"Idol": A great year to be a teen


On Wednesday, "American Idol" producer Ken Warwick told reporters that the voting procedures may be tweaked next season. "It's something that w're going to have a long discussion about," he said.

And tonight, we again saw that a change is needed.

The shock wasn't that Stefano Langone was sent home. He's been in the bottom two or three most weeks; two weeks ago (when Pia Toscano was ousted) he seemed stunned that it wasn't him.

(Two side notes: First, I'll catch Langone in a group interview Friday and have the story here by mid-afternoon. Second, please read my preceding blog, with the immensely gifted John Noble talking about a key "Fringe" episode Friday.)

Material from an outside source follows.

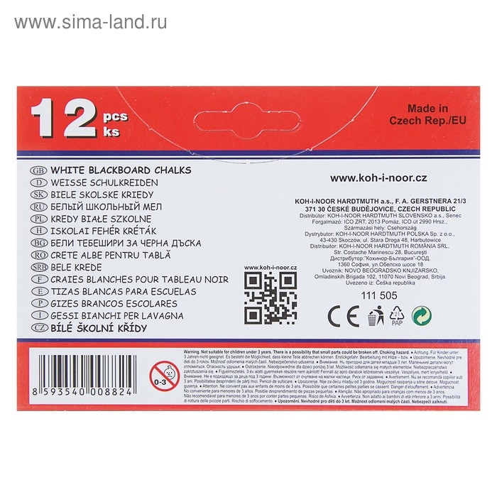 Мелки белые Koh-I-Noor, в наборе 12 штук, квадратные

Instead, the big thing was another reminder of the advantage teens have this year. Even after a so-so night Wednesday, Scotty McCreery, 17, avoided the bottom three. Those spots went to Langone (as usual), Haley Reinhart (as usual) ... and Jacob Lusk, despite his truly sensational performance Wednesday.

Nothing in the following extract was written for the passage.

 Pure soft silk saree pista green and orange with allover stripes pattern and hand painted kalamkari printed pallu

"We are aware, very much, of the fact that the voting could quite possibly be skewed toward the boys," Warwick said Wednesday. It also, he could have added, is skewed to the young and cute.

"Idol" has always leaned that way. This year, however, it added computer voting and Twitter communicating. Both tend to be strongpoints of teen girls.

Girls like guys and that's been clear in the results: Five females were ousted before any males went. (Admittedly, Casey Abrams was voted out and then rescued in the judges' one-per-year save.) Even now, the remaining teens -- McCreery and Lauren Alaina, 16 -- have been untouchable. Great singers have been ousted (Toscano) or in the bottom two (Lusk), while the kids stay safe.

Now, I like McCreery and country music; I just can't see such easy survival on a week when he goes bland ("Swingin'") and the others go big. 

By next year, Warwick said, there might or might not be some limit to the computer votes. For now, it's a cozy year to be a teen.